A la même époque, Wiener et Landsteiner cherchaient à produire des anticorps contre les hématies de Macquacus rhesus (un singe), par xéno-immunisation, avec des lapins.

En fait, les xéno-anticorps reconnaissaient d’autres antigènes : le nom donné fut système LW (qui sont plus exprimés sur les cellules avec le système D).

 

Les Rh+ ont l’antigène D ; les Rh- ne l’ont pas.

C’est un système complexe avec un gène D et un gène CcDd qui est plus faiblement immunogène. Ce sont des peptides transmembranaires (à 12 domaines) avec des acides gras qui viennent se fixer dessus.

 

 

III Incompatibilité foeto-maternelle.

 

Cette incompatibilité est surtout observée dans le système Rh (mais aussi ABH). La mère doit être Rh- et le père Rh+.

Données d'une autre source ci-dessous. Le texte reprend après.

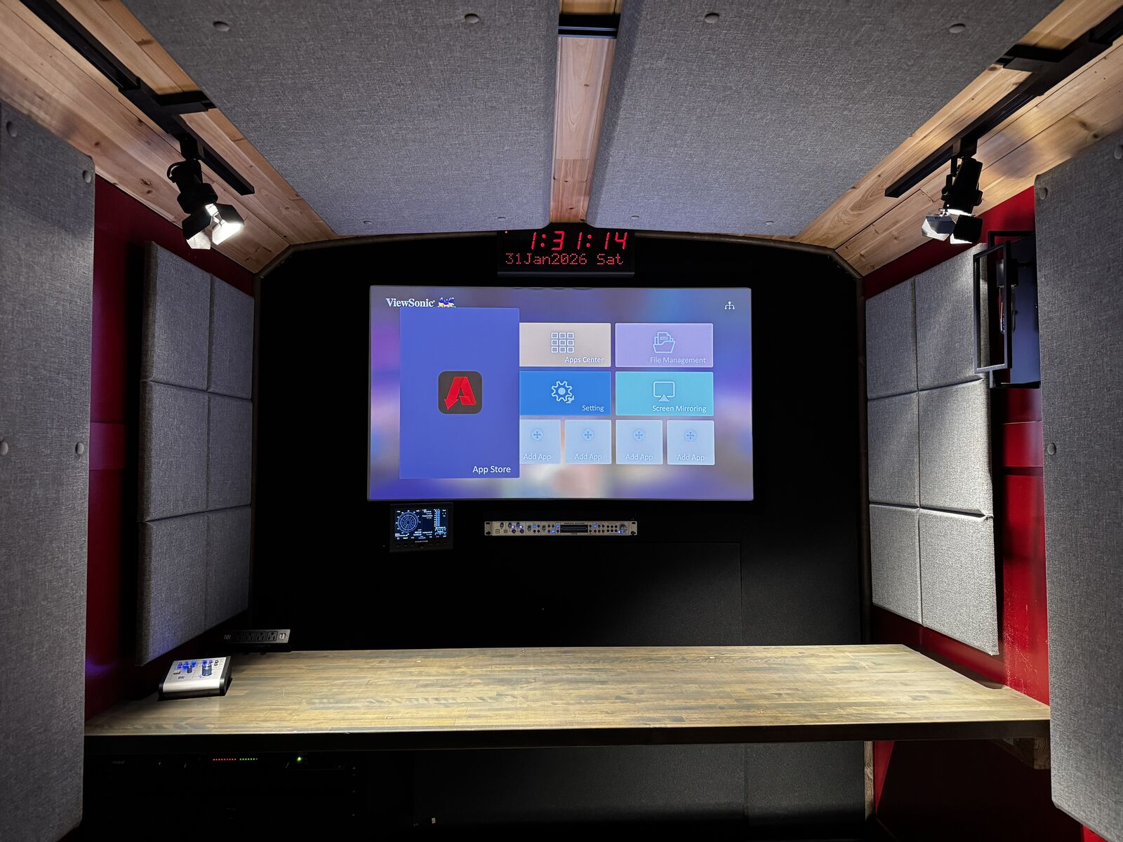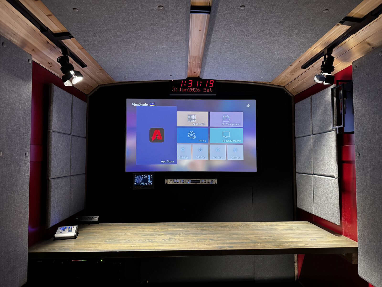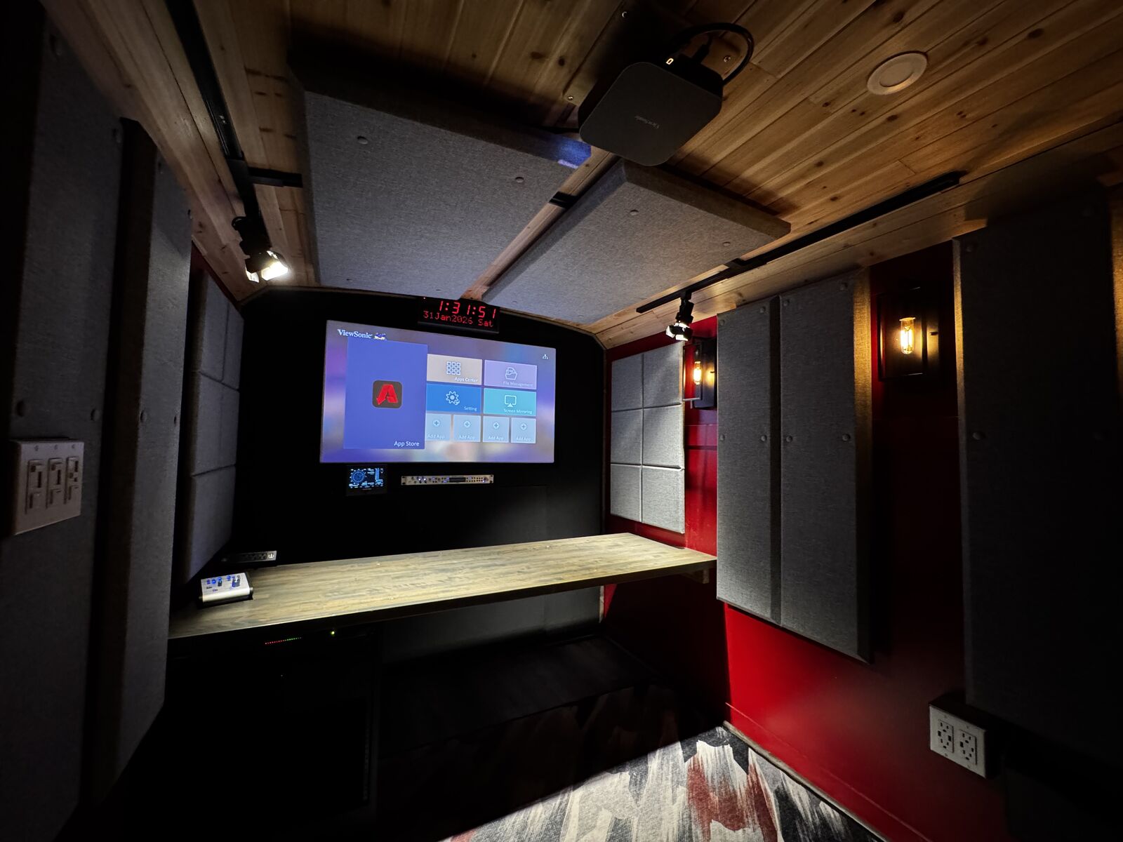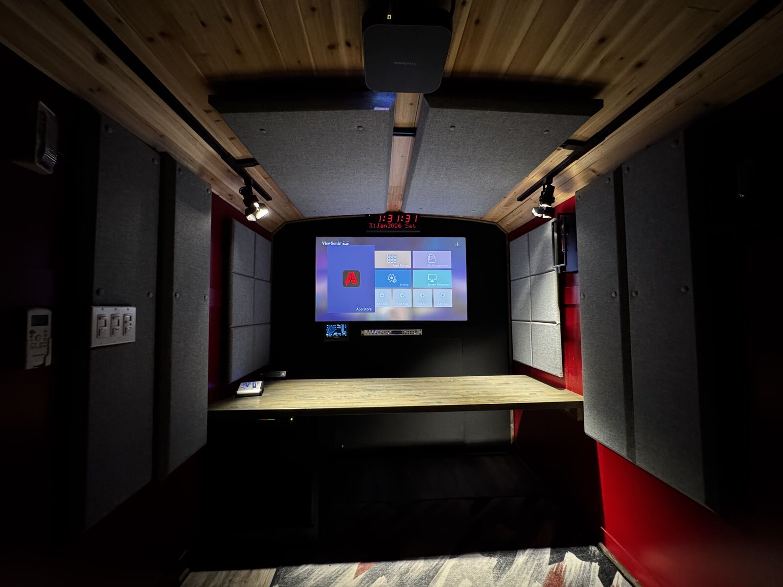It features acoustically transparent fabric for the entire front wall with stereo speakers located behind. The speakers are included and feature two PreSonus Scepter 6" speakers and one PreSonus Temblor 8" sub. The speakers are wired through the sub using it's internal crossover. The trailer currently uses a PreSonus Central Station for speaker control. It is currently in a stereo setup but is wired for surround if you decide to update to a surround speaker controller. It also includes a T.C. Electronic Clarity M for metering. It is the surround variant but currently running in stereo off an AES/EBU input.

Il faut que la mère se soit immunisée (par un premier accouchement d’un enfant Rh+, à cause du mélange des sangs).

L’expression de D est précoce (2 à 3 mois).

 

Pendant la seconde grossesse, il va y avoir passage de globules rouges fœtaux et donc, une réponse secondaire est mise en action et passe la barrière placentaire.

On observe alors une hyper destruction des globules rouges. Cette destruction libère de l’hémoglobine qui sera transformée en bilirubine, éliminable par glycuro-combinaison.

 

Les problèmes apparaissent après la naissance : les anticorps sont toujours fixés sur les hématies. La bilirubine va alors être mal éliminée et peut s’accumuler dans le cerveau ou elle provoque des dégradations pouvant aboutir à la mort.